Play enough and you’ll eventually win. Likewise, press your luck repeatedly and you’ll eventually lose. Imagine your same well-intentioned friend calls to tell you, “I discovered that orange cars are more reliable, and the stats say there’s only a 1 percent chance this phenomenon would appear in the data if it weren’t true.” You might get a little impressed. “Interesting discovery!”

Now imagine your friend adds, “By the way, I’m only talking about one among dozens of car factors – my computer program systematically went through and checked each one.” Both of your friend’s stories enthusiastically led with a “remarkable” event – a jackpot win or a predictive discovery. But the numerous other less remarkable attempts – that often go unmentioned – are just as pertinent to each story’s conclusion.

Wake up and smell the probability. Imagine we test 70 characteristics of cars that in reality are not predictive of lemons. But each test suffers, say, a 1 percent risk the data will falsely show a predictive effect just by random chance. The accumulated risk piles up. As with the jackpot wheel, there’s a 50/50 chance the unlikely event will eventually take place – that you will stumble upon a random perturbation that, considered in isolation, is compelling enough to mislead.

The Potential and Danger of Automating Science: Vast Search

“The most exciting phrase to hear in science, the one that heralds new discoveries, is not ‘Eureka!’ but rather ‘Hmm… that’s funny’…”
– Isaac Asimov

A tremendous potential inspires us to face this peril: Predictive modeling automates scientific discovery. Although it may seem like an obvious thing to do in this computer age, trying out each predictor variable is a dramatic departure from the classic scientific method of developing a single hypothesis and then testing it. Your computer essentially acts as hundreds or even thousands of scientists by conducting a broad, exploratory analysis, automatically evaluating an entire batch of predictors. This aggressive hunt for any novel source of predictive information leaves no stone unturned. The process is key to uncovering valuable, unforeseen insights.

Automating this search for valuable predictors empowers science, lessening its dependence on ever-elusive serendipity. Instead of waiting to inadvertently stumble upon revelations or racking our brains for hypotheses, we rely less on luck and hunches by systematically testing many factors.

But as exciting a proposition as it is, this automation of data exploration builds up the risk of eventually being fooled – at one time or another – by randomness. This inflation of risk comes as a consequence of assessing many characteristics of used cars, for example. The power of automatically testing a batch of predictors may serve us well, but it also exposes us to the very real risk of bogus discoveries.

Let’s call this issue vast search – the term that industry leader John Elder coined for this form of automated exploration and its associated peril. Repeatedly identified anew across industries and fields of science, this issue is also called p-hacking or the multiple comparisons trap [5]. Elder warns, “The problem is so widespread that it is the chief reason for a crisis in experimental science, where most journal results have been discovered to resist replication; that is, to be wrong!”

Statistics darling Nate Silver jumped straight to the issue of vast search when asked generally about the topic of big data on Freakonomics Radio: “You have so many lottery tickets when you can run an analysis on a [large data set] that you’re going to have some one-in-a-million coincidences just by chance alone.”

Bigger data isn’t the problem; more specifically, it’s wider data. When prepared for predictive analytics, data grows in two dimensions – it’s a table (see Table 1).

Table 1: Data for predicting bad buys among used cars. The complete data is both wider and longer.

Table 1: Data for predicting bad buys among used cars. The complete data is both wider and longer.

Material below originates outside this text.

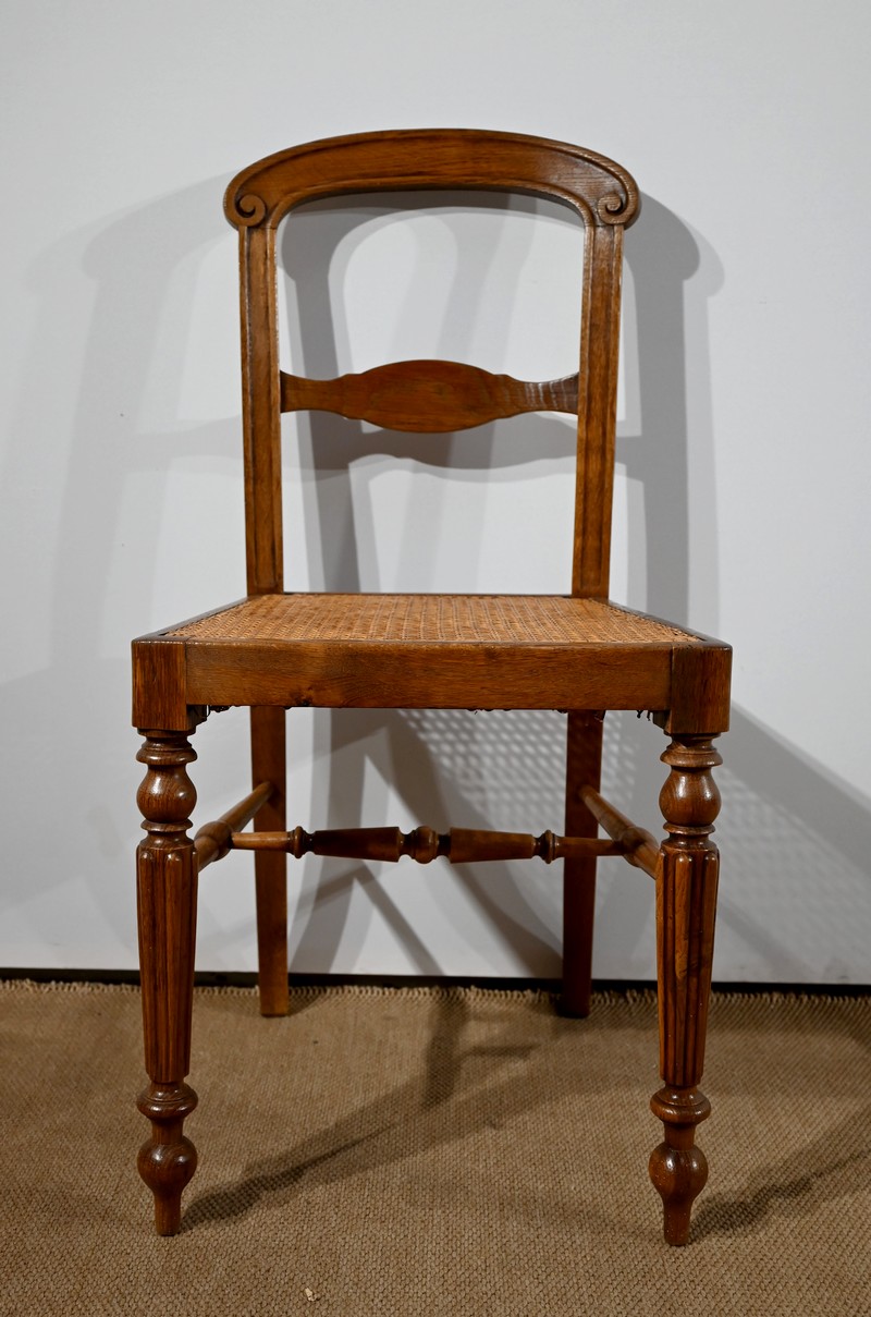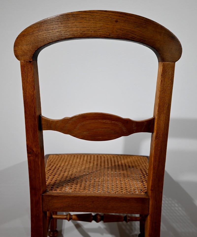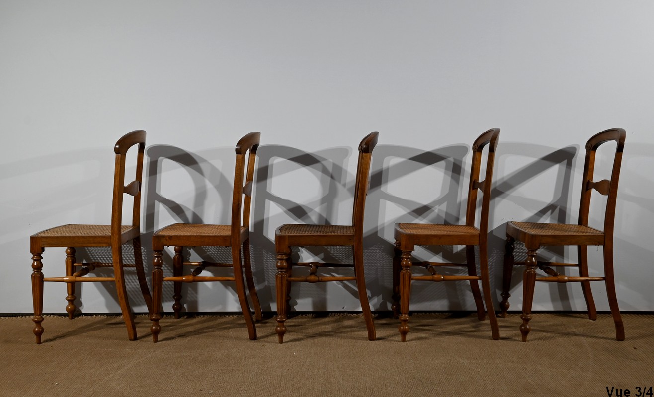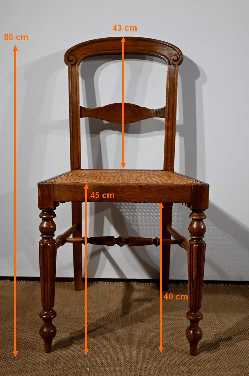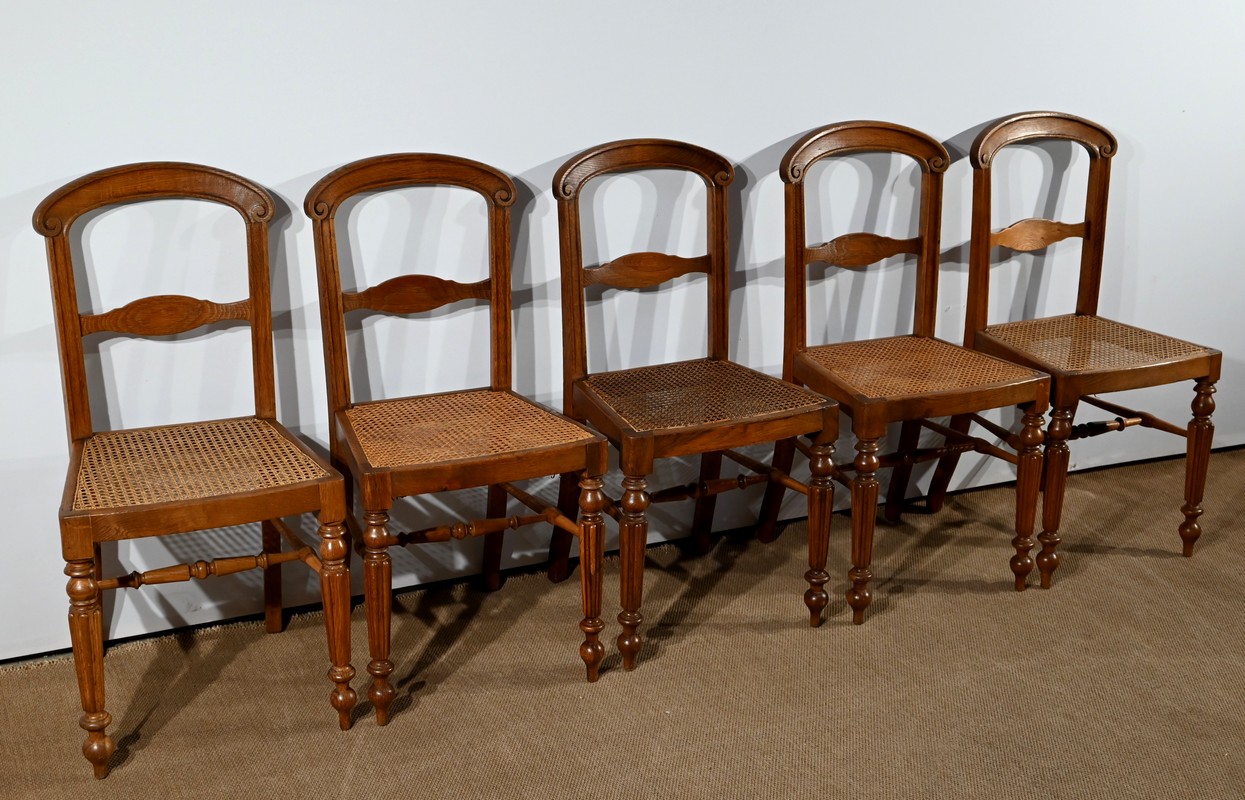 Suite de cinq chaises cannées en chêne massif, époque Louis-Philippe.

As you accrue more examples of cars, people or whatever you’re predicting, the table grows longer (more rows, aka training cases). That’s always a good thing. The more training cases to analyze, the more statistically sound [6]. Expanding in the other dimension, each row widens (more columns) as more factors – aka predictor variables – are accrued. A certain factor such as car color may only amount to a single column in the data, but since we look at each possible color individually, it has the virtual effect of adding 15 columns to the width, one per color. Overall, the sample data in Table 1 is not nearly as wide as data often gets, but even in this case the vast search effect is at play. With wider and wider data, we can only tap the potential if we can avoid the booby trap set by vast search.

A Failsafe for Sound Results

“There are three kinds of lies: lies, damned lies and statistics.”
- Benjamin Disraeli

“If you torture the data long enough, it will confess.”
-Ronald Coase
To understand what sort of failsafe mechanism we need, let’s revisit the misleading “orange lemons” discovery (Figure 1). The 12.3-vs.-8.2 result is calculated from four numbers: There were 72,983 cars, of which 8,976 were lemons. There were 415 orange cars, of which 34 were lemons.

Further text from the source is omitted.